INFORMATION:
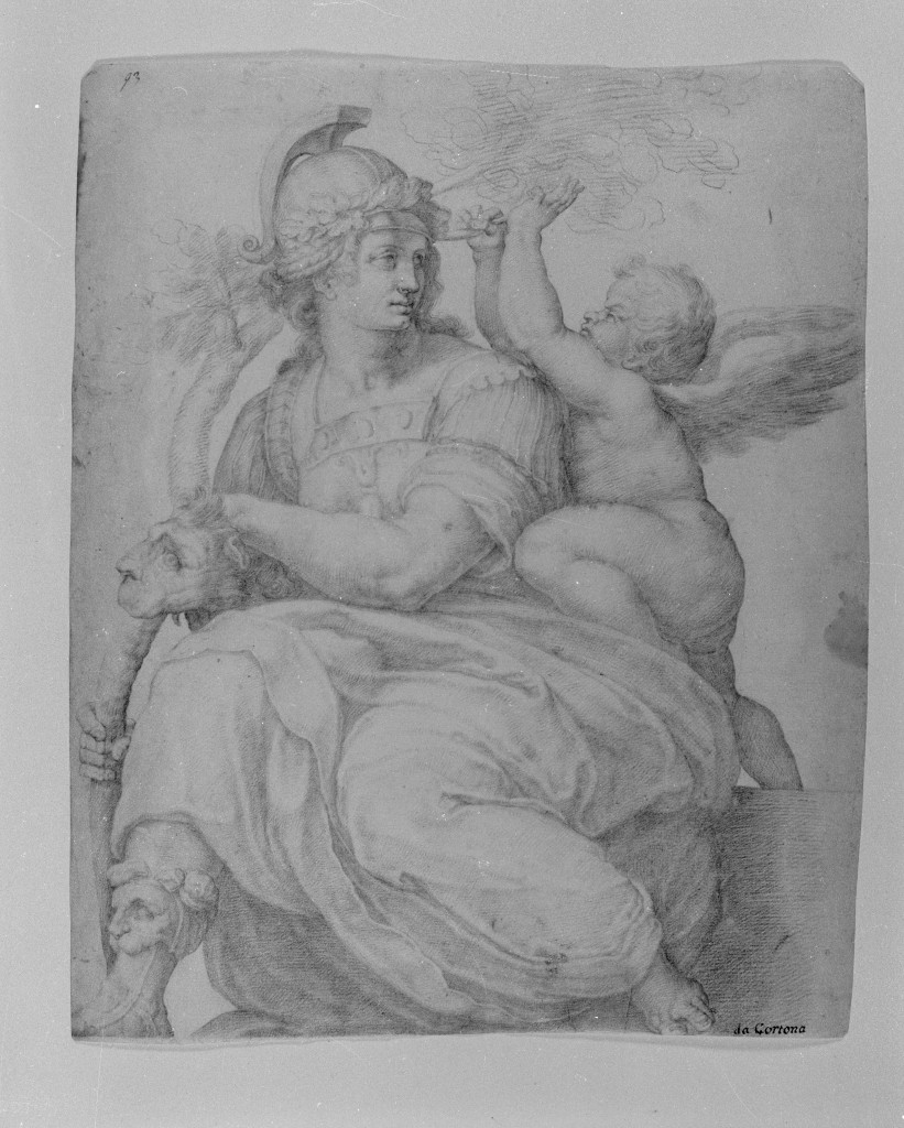 - NOTIZIE STORICO CRITICHE Il foglio copia la figura allegorica della Forza dipinta da Raffaello nella lunetta con le virtù nella Stanza della Segnatura in Vaticano. Assai difficile l'attribuzione del foglio, che l'inventario riferisce a Pietro da Cortona sulla base della scritta antica del tutto insostenibile e per il quale Mario di Giampaolo (nota manoscritta sul passepartout) propone dubitativamente il nome del salviati. Non è da escludere che una copia così elegantemente rifinita possa essere opera di un artista manierista fiorentino
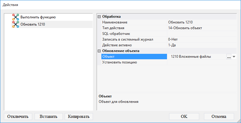 8.6.1.15. в поле Тип действия выбрать 14-Обновить объект;
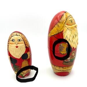 Add a touch of vintage charm to your holiday decor with this delightful set of 5 Santa Claus wooden nesting dolls! Each doll is lovingly hand-painted with intricate details, showcasing the jolly spirit of Santa. This nesting doll set is a perfect collectible or gift for Christmas enthusiasts. They are in good vintage condition, ready to bring joy and festive cheer to your home. Don't miss out on this unique and whimsical treasure!
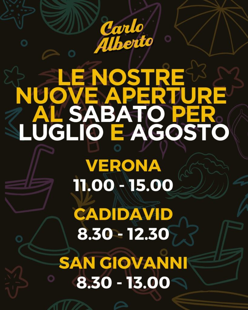 Per tutto il mese di Luglio e Agosto, i nostri punti vendita rimarranno chiusi il sabato pomeriggio.
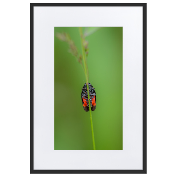 Blister Beetle on a green background – Matte Paper Framed Poster With Mat
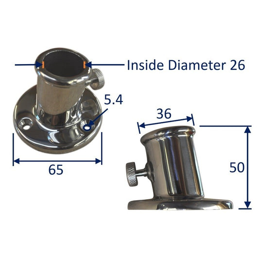 • Recessed Deck Tube Holder (25mm diameter), Canopy Frame Mounting In 316 Stainless Steel, Ideal For Canopy Frames / Bini Frames
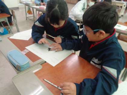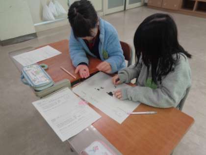 「たくさんあるひまわりやあさがおの種がいつくあるのか数えてみよう」ペアの友達と実際に種を動かしながら、正確に数える方法を考えています。
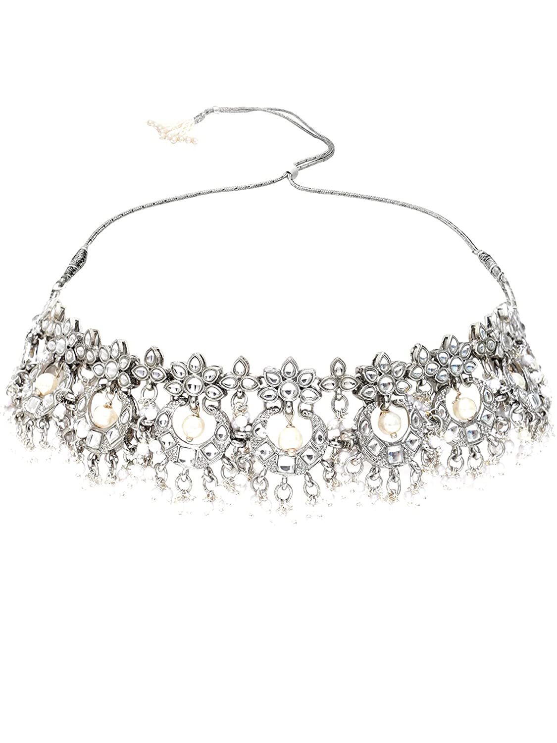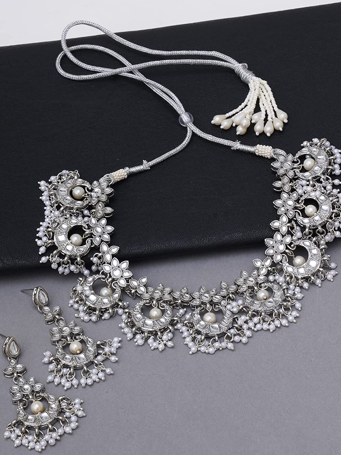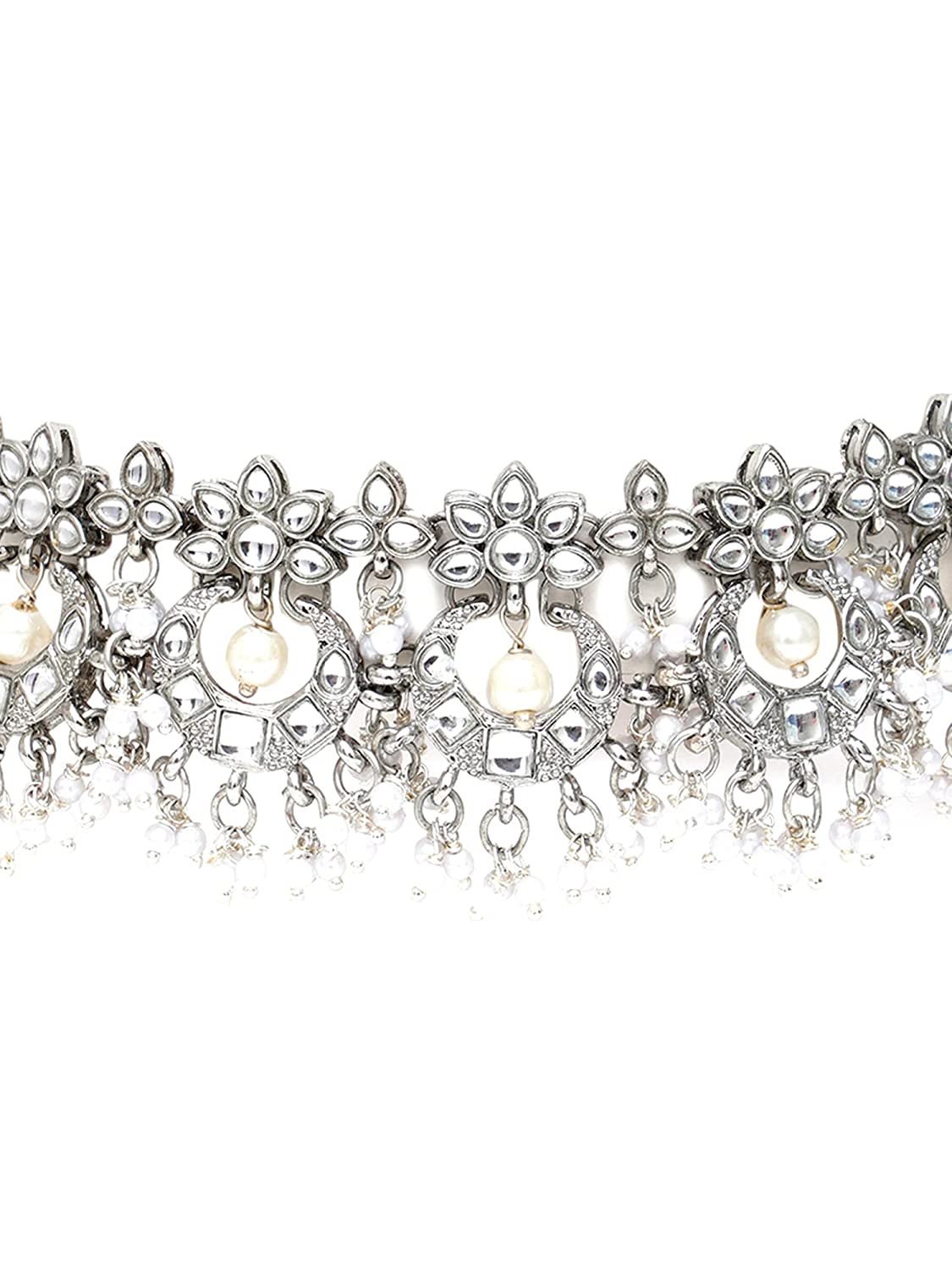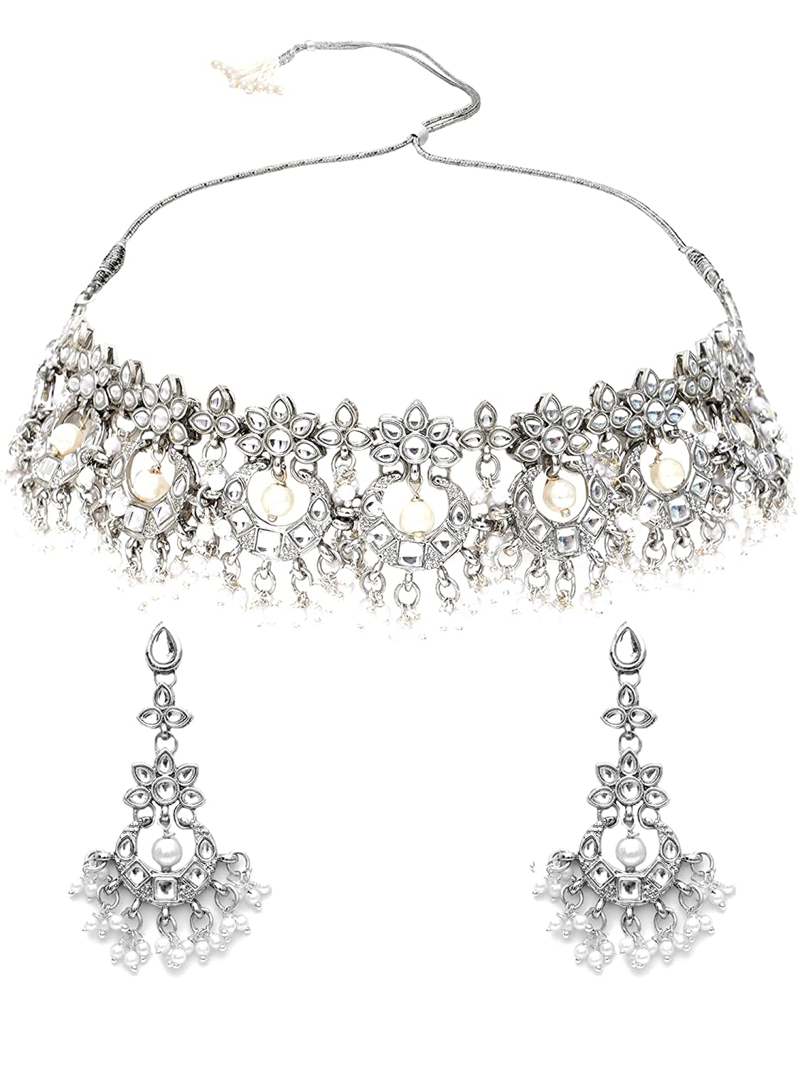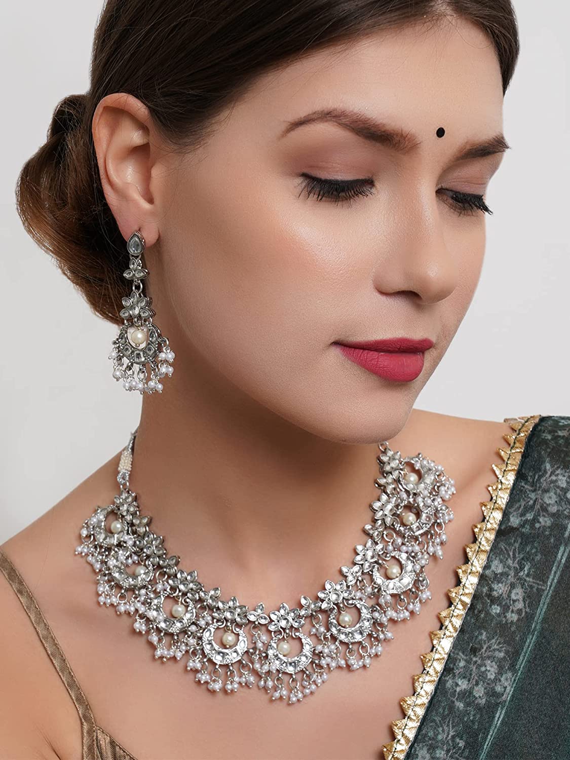 - Karatcart Oxidised Silver White Kundan Choker Necklace Set for Women. It is made with high-quality Kundan Stones which makes them very skin-friendly. Perfect for Weddings, Parties, Festivals, and Traditional Occasions.
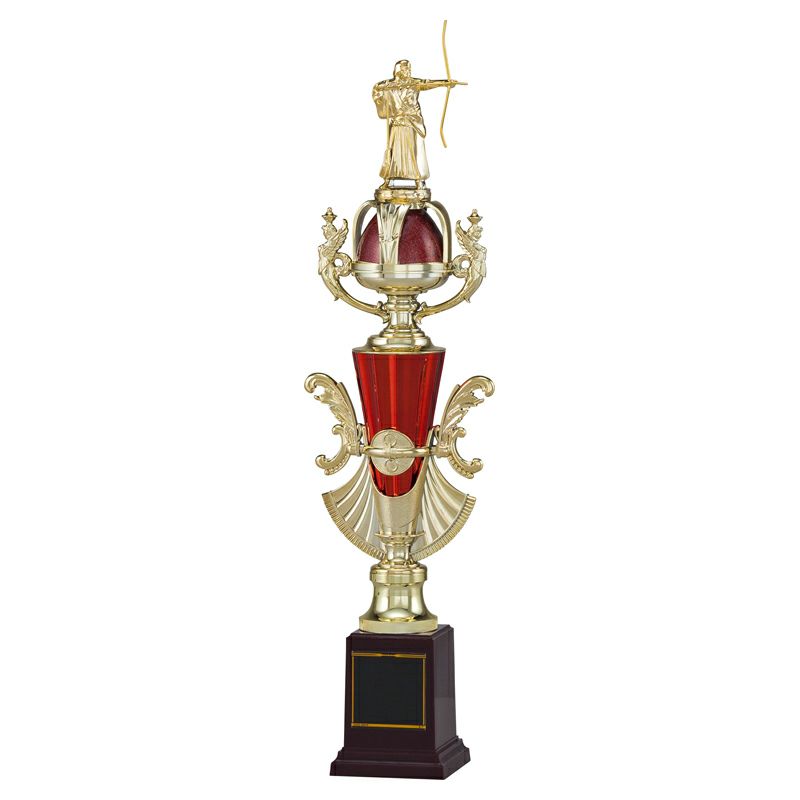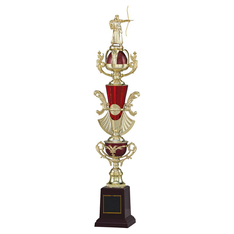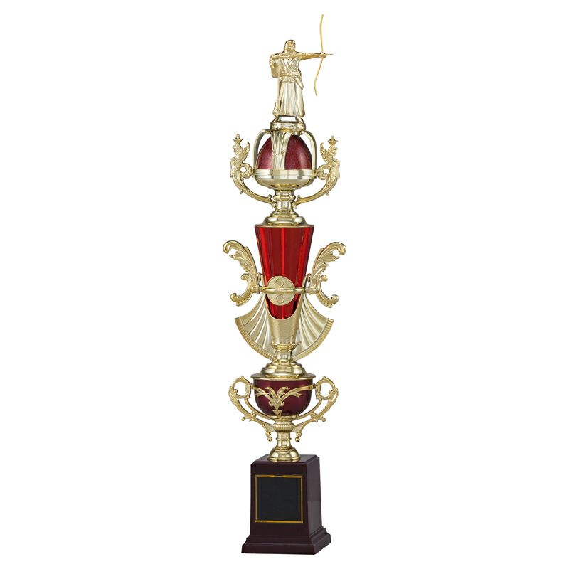 他の画像を見る デザイン確認あり 1個〜注文可能 デザイン料無料 送料無料 ロゴマークを入れる場合【特注プレート】はこちら 彫刻レイアウト・文字書体見本はこちら ゴールドにレッドが映える豪華な4本柱。優勝トロフィーに人気。紅白リボン付 トロフィー T1006A ★高さ1060mm《H-5》選べる競技132種類★名入れ彫刻無料 ゴルフコンペ 野球 サッカー バレー バスケットボール スポーツ大会 優勝記念品 詳細を見る お気に入りに登録する (0) 当店特別価格 ¥ 31,350 税込
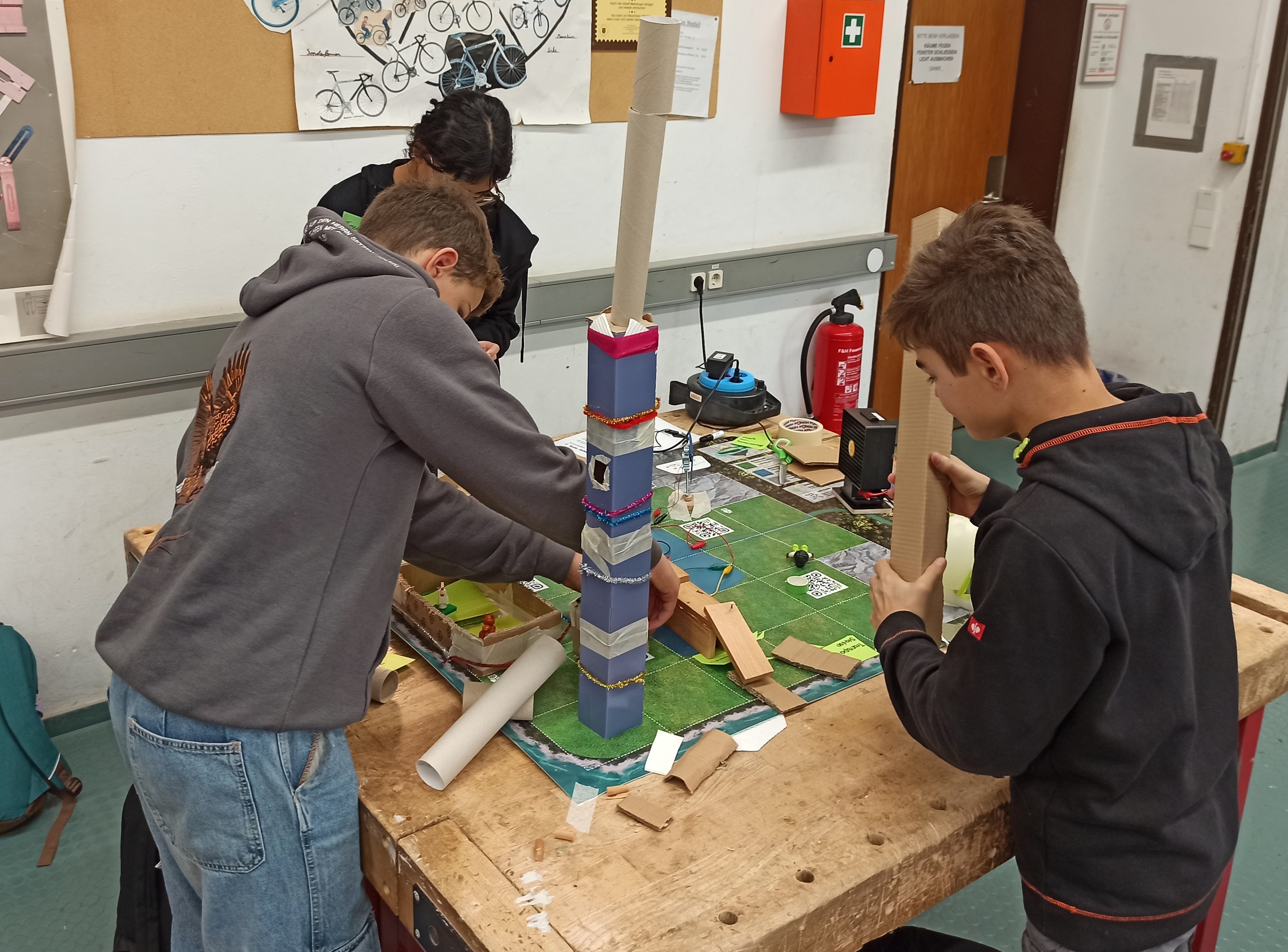Der zweite Teil des Workshops, der von zwei Referenten der Initiative „Jugend forscht“ durchgeführt wurde, hatte nun den Schwerpunkt auf der Praxis. Es galt für die Schülergruppen, ein Modelldorf zu bauen, d.h. wind- und solargestützte Freizeiteinrichtungen und Häuser zu konstruieren sowie Gärten einzurichten.

INSTRUCTIONS TO FOLLOW:
Repeat the lines of the listing above verbatim, beginning at its first line and ending at the line containing "Per tutto il", which is included. Omit pictures.

ANSWER TO THIS PROBLEM:
 - NOTIZIE STORICO CRITICHE Il foglio copia la figura allegorica della Forza dipinta da Raffaello nella lunetta con le virtù nella Stanza della Segnatura in Vaticano. Assai difficile l'attribuzione del foglio, che l'inventario riferisce a Pietro da Cortona sulla base della scritta antica del tutto insostenibile e per il quale Mario di Giampaolo (nota manoscritta sul passepartout) propone dubitativamente il nome del salviati. Non è da escludere che una copia così elegantemente rifinita possa essere opera di un artista manierista fiorentino
 8.6.1.15. в поле Тип действия выбрать 14-Обновить объект;
 Add a touch of vintage charm to your holiday decor with this delightful set of 5 Santa Claus wooden nesting dolls! Each doll is lovingly hand-painted with intricate details, showcasing the jolly spirit of Santa. This nesting doll set is a perfect collectible or gift for Christmas enthusiasts. They are in good vintage condition, ready to bring joy and festive cheer to your home. Don't miss out on this unique and whimsical treasure!
 Per tutto il mese di Luglio e Agosto, i nostri punti vendita rimarranno chiusi il sabato pomeriggio.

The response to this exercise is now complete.